State Street Global Advisors Announces New Gender Diversity Guidance

Sharo M. Atmeh is a Principal at CamberView Partners, LLC. This post is based on a CamberView publication by Mr. Atmeh, Andrew Letts, Allie Rutherford, and Chad Spitler.

On Tuesday, State Street Global Advisors (SSGA) issued a memo and press release (discussed on the Forum here) calling on 3,500 global companies, representing more than $30 trillion in market capitalization, to increase the number of women on corporate boards. Timed to coincide with observance of International Women’s Day, SSGA’s initiative is the latest, and most assertive, move by a major U.S.-based institutional investor to push companies toward increasing gender diversity on boards.

In a significant shift, SSGA indicated that it will vote against the chair of a board’s nominating and/or governance committee if a company fails to take action to increase the number of women on its board. SSGA identifies boards with no female representation and those that have less than 15 percent female representation as problematic.

SSGA’s Forward-Leaning Governance Practices

Tuesday’s announcement is another example of how SSGA has taken governance issues that once were traditionally discussed in the context of shareholder engagement, such as director tenure, and turned them in to proxy voting practices. The new policy also adds to SSGA’s guidance published in August 2016 entitled “Changing Board Practices and Culture to Meet Investor Expectations,” and comes one year after its launch of the SSGA Gender Diversity Index ETF which invests in large-capitalization companies that achieve high marks within their sector for gender diversity among senior leadership.

While SSGA has taken a leadership role on the issue of women on boards, it is not alone among institutional investors in calling attention to the need for greater gender diversity. Pension funds such as CalSTRS and CalPERS have focused on the topic for many years and other recent initiatives, including the Commonsense Corporate Governance Principles and the Investor Stewardship Group’s Corporate Governance Principles, identify the need for an appropriate mix of director skills and composition on company boards. This is in addition to groups such as the Thirty Percent Coalition, 2020 Women on Boards and the 30% Club that advocate for increased gender diversity on boards.

Identifying Barriers to Gender Diversity and Outlining a Path Forward

Tuesday’s announcement by SSGA outlined several problematic practices it believes have directly led to a lack of gender diversity on boards, including:

  • Excessive reliance on existing director networks for identifying director candidates;
  • A requirement that all directors have prior CEO experience;
  • Lack of female representation in leadership positions within a company;
  • Limited appreciation for and understanding of the value of greater gender diversity; and
  • Limited organizational support in helping individuals achieve work-life balance.

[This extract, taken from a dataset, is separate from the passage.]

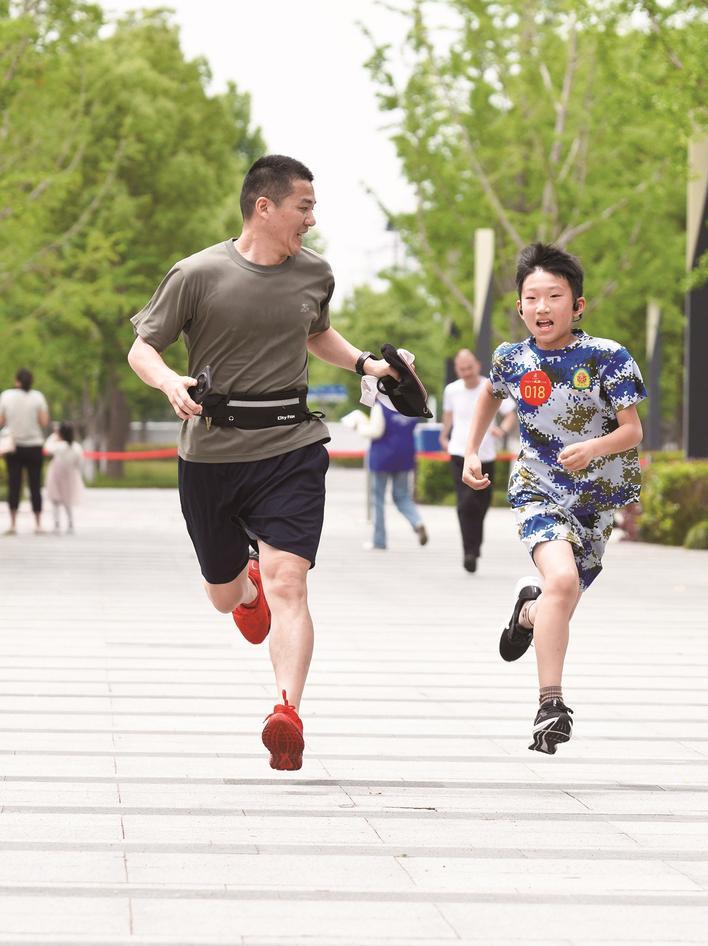 5月25日,南通经济技术开发区举行庆祝建区40周年双拥欢乐跑。比赛中,两名家庭组成员奋力奔跑。赵国庆

In response to these practices, SSGA’s six-part “Gender Diversity Framework” highlights steps that can help companies increase gender diversity, including:

  1. Assessing the current level of gender diversity on the board and within management ranks
  2. Establishing goals aimed at enhancing the level of gender diversity on the board and senior management
  3. Identifying “diversity champions” on the board and within management who would support initiatives to meet established goals
  4. Addressing behavioral gender bias in the director search and nomination process, including expanding the search for potential director candidates beyond existing director networks
  5. Considering female directors for leadership positions on key board committees
  6. Enhancing transparency and communication with investors on the board’s position on gender diversity and reporting on progress against established goals

Engaging with Investors on Gender Diversity

CamberView expects that this initiative will accelerate the already growing call for companies to enhance the mix of diversity, skills and expertise on boards of directors. Management and directors should be prepared to discuss diversity and refreshment with investors while taking tangible steps toward improving the mix of gender diversity on their boards, especially if they are in one of the two categories of boards identified by SSGA as problematic. Companies can take steps to alleviate investor concerns on diversity by:

  • Disclosing proactive board refreshment practices that include a focus on diversity;
  • Identifying protocols within the nomination/governance committee to enhance diversity and remove bias from director searches;
  • Consider enhancing proxy disclosure on director qualifications to include aspects of diversity; and
  • Engaging in a thoughtful dialogue with investors on appropriate board composition, even if gender diversity goals have been achieved.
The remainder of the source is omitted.